2. See also Campbell Pet Co. v. Miale, 542 F.3d 879, 886 (Fed. Cir. 2008) (finding jurisdiction over a patentee who conducted extra-judicial patent enforcement by enlisting a third party in the forum to remove defendant's products from a trade show); Genetic Implant Sys., Inc. v. Core-Vent Corp., 123 F.3d 1455, 1458 (Fed. Cir. 1997) (holding that specific jurisdiction existed over patentee because it had appointed an in-state distributor to sell a product covered by the asserted patent, which was a business relationship "analogous to a grant of a patent license" and created obligations to sue third-party infringers); Akro Corp. v. Luker, 45 F.3d 1541, 1548-49 (Fed. Cir. 1995) (because defendant had entered into an exclusive licensing agreement with one of the alleged infringer's competitors, which meant that defendant had "obligations . . . to defend and pursue any infringement" of the patent, specific jurisdiction was proper); SRAM Corp. v. Sunrace Roots Enter. Co., Ltd., 390 F.Supp.2d 781, 787 (N.D. Ill. 2005) (specific jurisdiction was proper where defendant had "purposefully directed its activities" at residents of the forum by marketing a product that directly competed with the alleged infringer).

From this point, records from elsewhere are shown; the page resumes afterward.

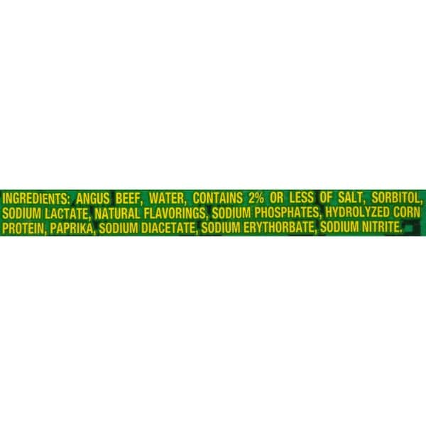 Angus Beef, Water, Contains 2% Or Less Of Salt, Sorbitol, Potassium Lactate, Natural Flavorings, Sodium Phosphates, Hydrolyzed Corn Protein, Paprika, Sodium Diacetate, Sodium Erythorbate, Sodium Nitrite
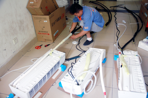 空调安装后户外露出 学生生活舒适度将得到极大提高
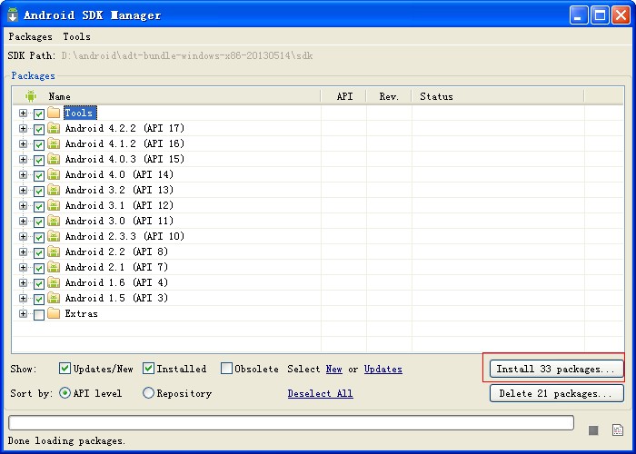 打開解壓出來的文件夾里面的 SDK Manager.exe (也可以運行eclipse/eclipse.exe 然后通過Windows -> Android SDK Manager打開)
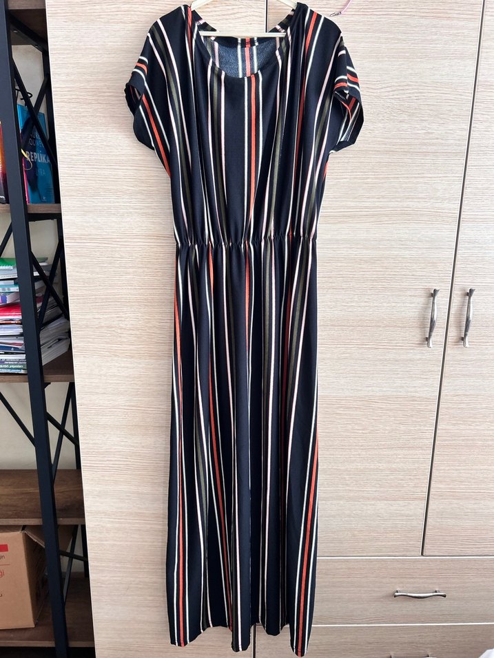 Uzun, pilili ve bol kesim kadın elbisesi, tekne yaka ve çizgili desenlidir. Sentetik kumaştan, günlük rahat stil için uygundur.

3. See Breckenridge Pharm., Inc. v. Metabolite Labs., Inc., 444 F.3d 1356, 1365 (Fed. Cir. 2006) (explaining that "the plaintiff need not be the forum resident toward whom any, much less all, of the defendant's relevant activities were purposefully directed.").
4. See Calder, 465 U.S. at 789 (finding jurisdiction over defendants because "their intentional, and allegedly tortious, actions were expressly aimed at California"); 4 Charles A. Wright, et al., Federal Practice and Procedure § 1067.1 (3d ed. Westlaw 2014) ("Thus, the `effects test' continues to have viability, but only when the defendant's conduct both has an effect in the forum state and was directed at the forum state by the defendant"); Silent Drive, Inc. v. Strong Indus., Inc., 326 F.3d 1194, 1204 (Fed. Cir. 2003) (finding jurisdiction over Texas corporate defendant because its activities enforcing a Texas injunction "were all `expressly aimed' at the Iowa corporate plaintiff," and defendant "knew the activities would have the potentially devastating effects of inhibiting [the Iowa corporate plaintiff] from producing the MAXLE and its customers from buying it") (internal brackets omitted).